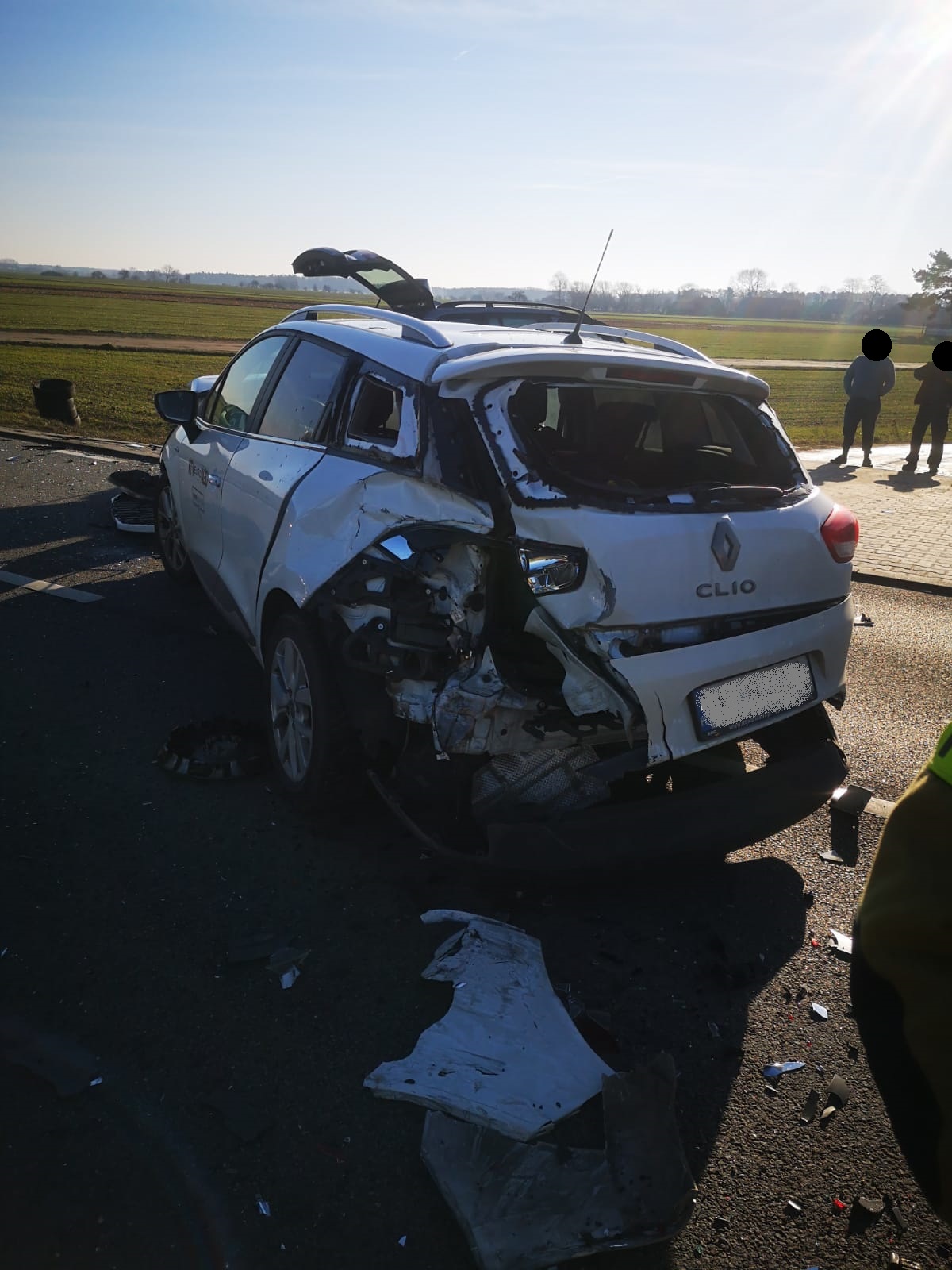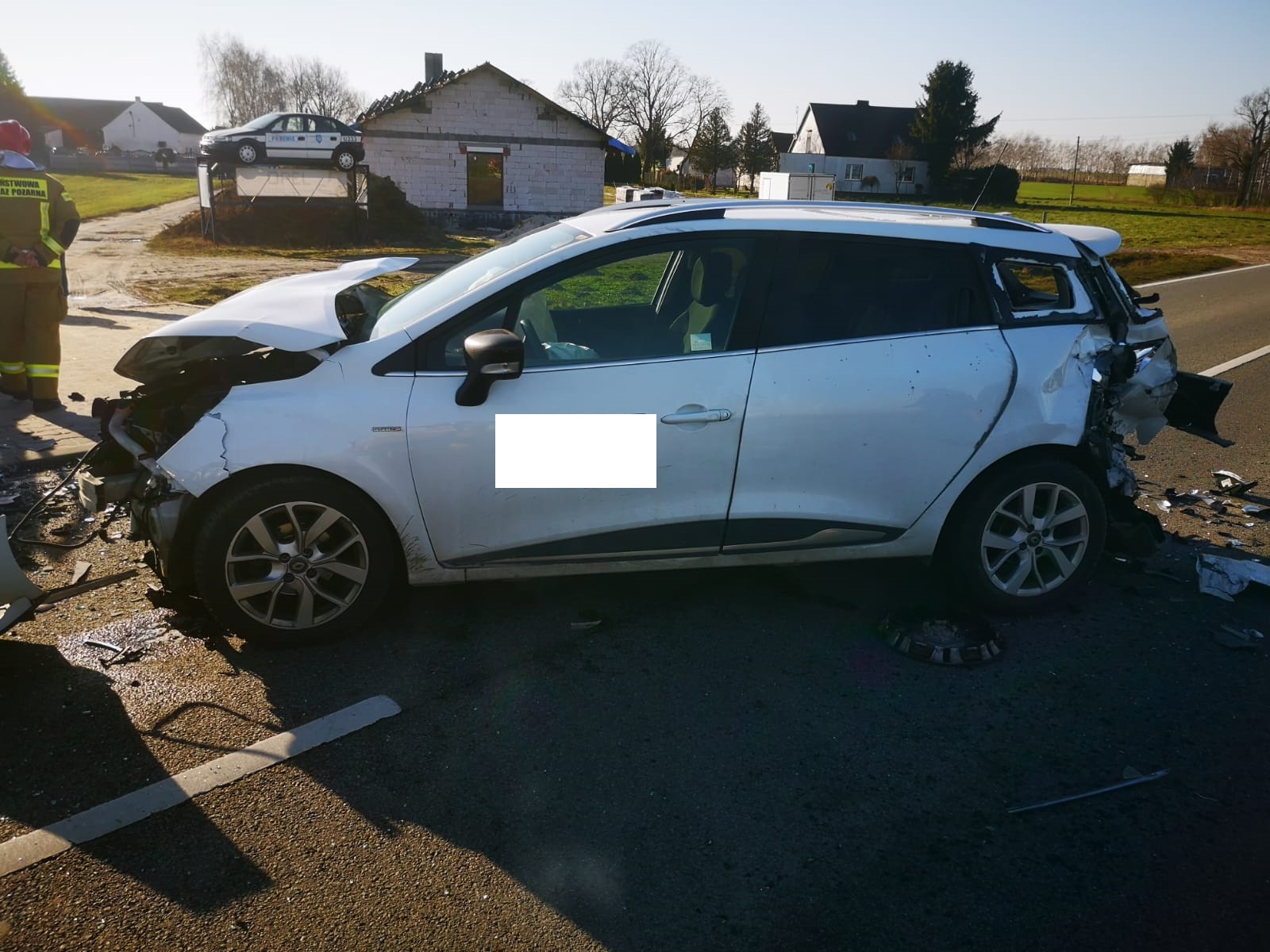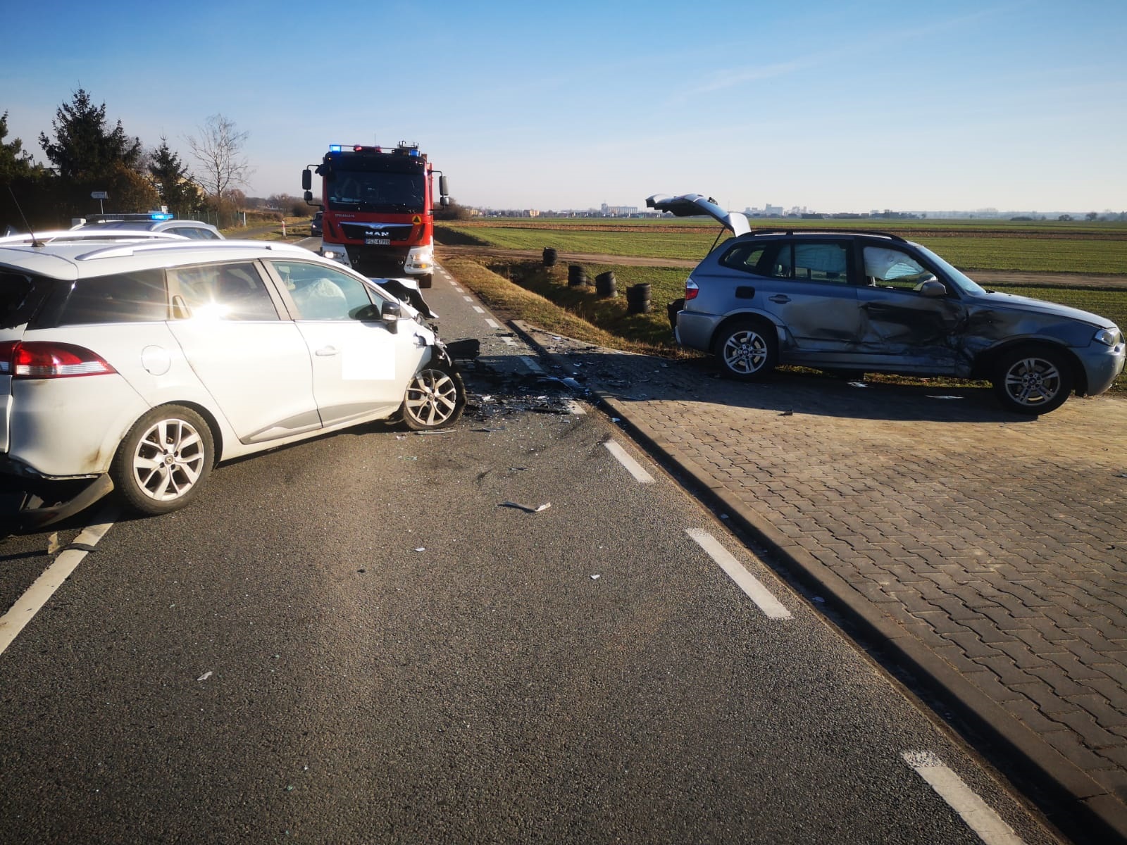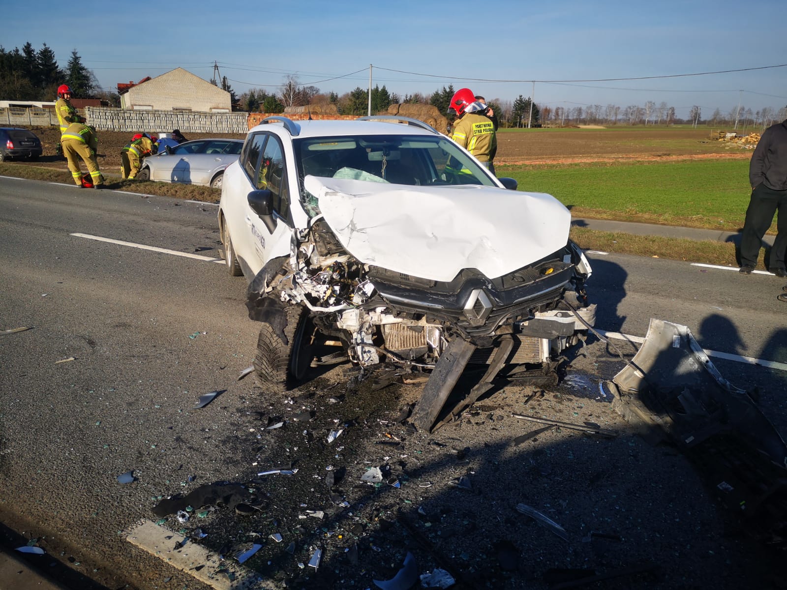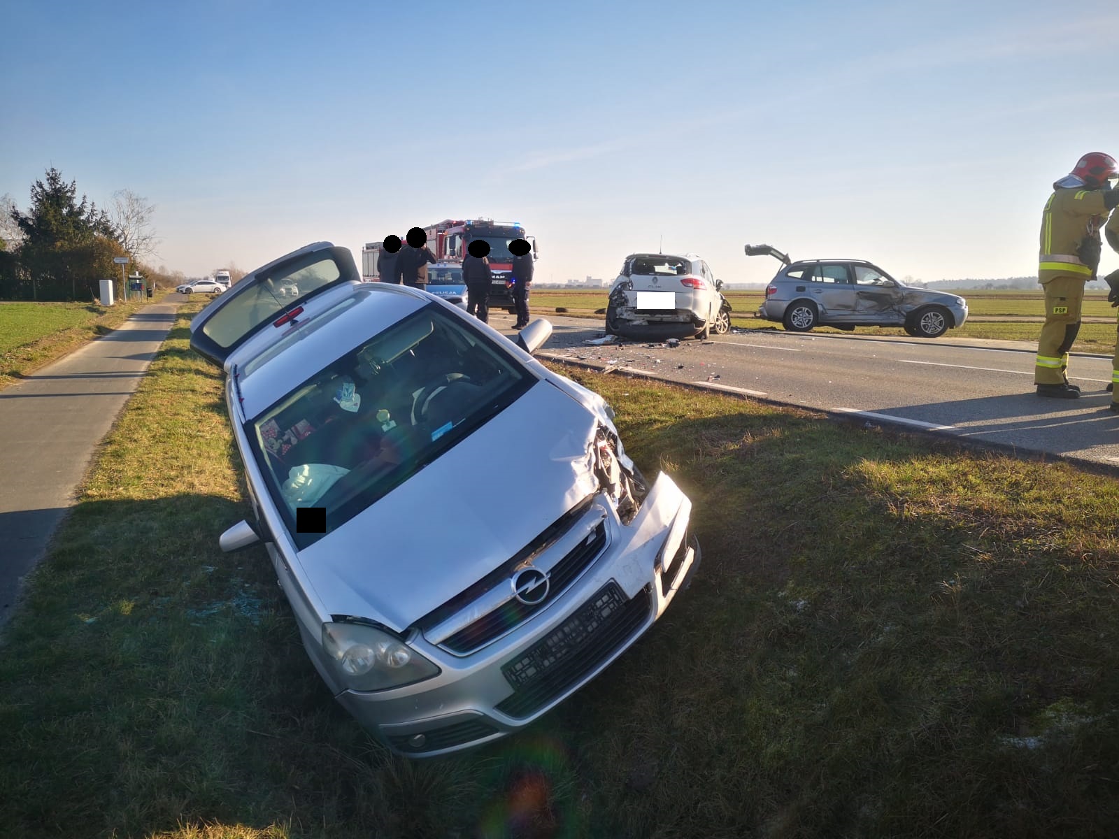 Po dojeździe na miejsce zdarzenia strażacy zastali trzy samochody osobowe, które zderzyły się ze sobą. Kierujący opuścili pojazdy przed przybyciem SP i znajdowali się w pobliżu. Jeden samochód znajdował się na środku drogi, drugi w przydrożnym rowie, natomiast trzeci pojazd na wjeździe do pobliskiej posesji.
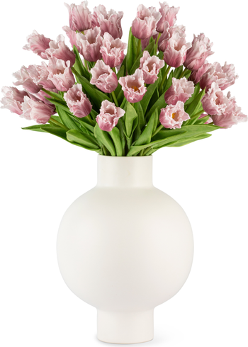 The Zélie RealTouch Tulip Arrangement features a sculptural white vase with a rounded body, subtle pedestal base, and a narrow raised lip that adds a refined finishing touch. Filled with 48 soft-to-the-touch RealTouch parrot tulips, each bloom is beautifully lifelike and artfully arranged. Striking yet understated, Zélie brings effortless elegance to any space—whether as a centerpiece, an accent, or a gift that leaves a lasting impression. A lasting luxury, timeless and unrivaled.
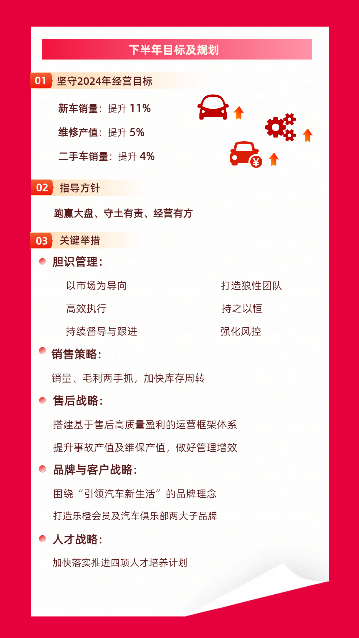 展望下半年,易總再次重申了2024年經(jīng)營目標(biāo),提出“跑贏大盤、守土有責(zé)、經(jīng)營有方”的指導(dǎo)方針,并圍繞膽識管理、銷售策略、售后策略、售后戰(zhàn)略、品牌與客戶戰(zhàn)略、人才戰(zhàn)略提出系列關(guān)鍵舉措。
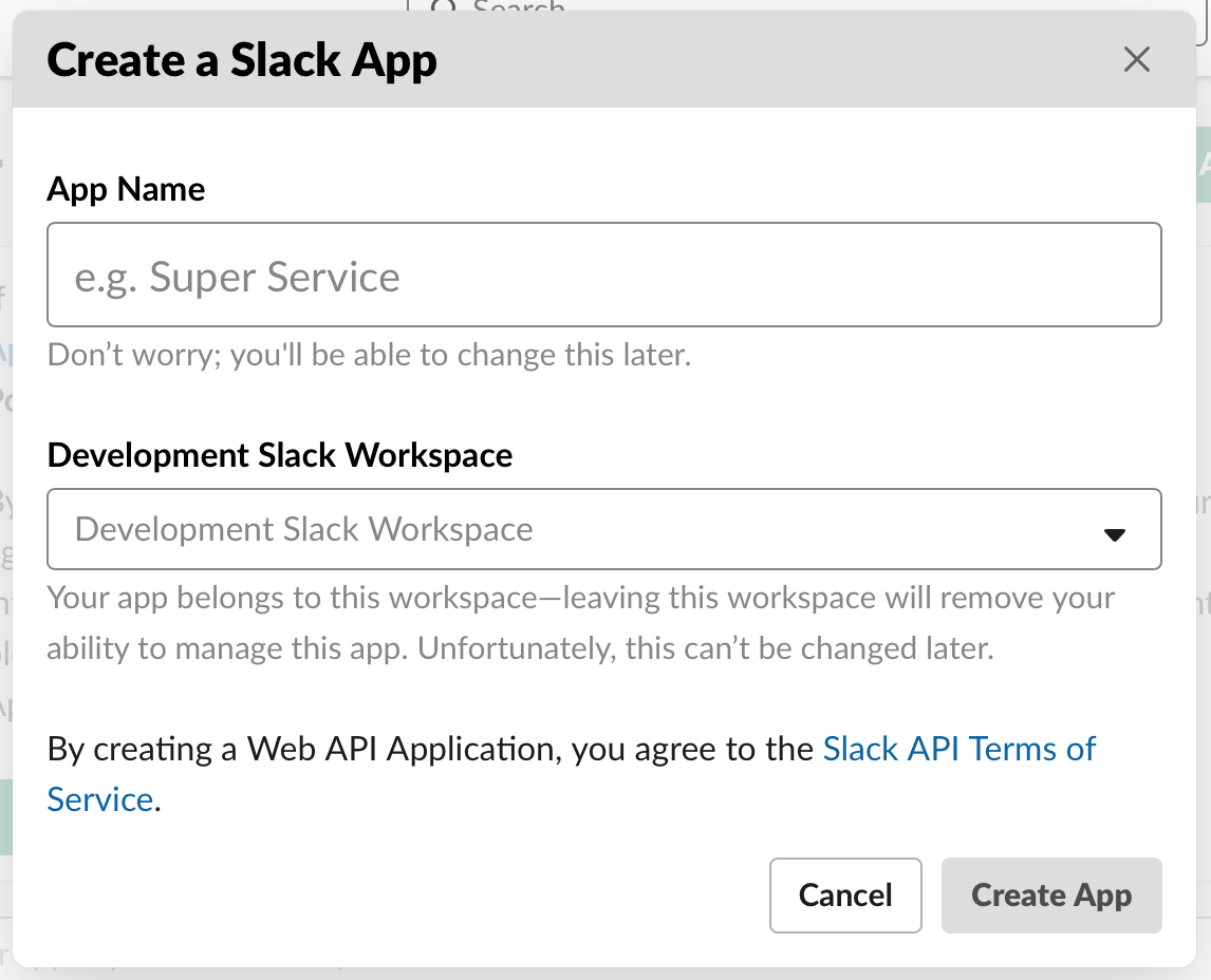 방법을 요약하면 다음과 같다. 아래 링크에 들어가서 사용할 App 이름을 정하고, workspace를 선택한다.

------------------------------------------------

* _ABOUT THIS TASK_
Where the line containing "展望下半年,易總再次重申了2" appears, begin writing out the lines exactly, and continue through the end of the material above, omitting pictures.

* _SOLUTION BELOW_
 展望下半年,易總再次重申了2024年經(jīng)營目標(biāo),提出“跑贏大盤、守土有責(zé)、經(jīng)營有方”的指導(dǎo)方針,并圍繞膽識管理、銷售策略、售后策略、售后戰(zhàn)略、品牌與客戶戰(zhàn)略、人才戰(zhàn)略提出系列關(guān)鍵舉措。
 방법을 요약하면 다음과 같다. 아래 링크에 들어가서 사용할 App 이름을 정하고, workspace를 선택한다.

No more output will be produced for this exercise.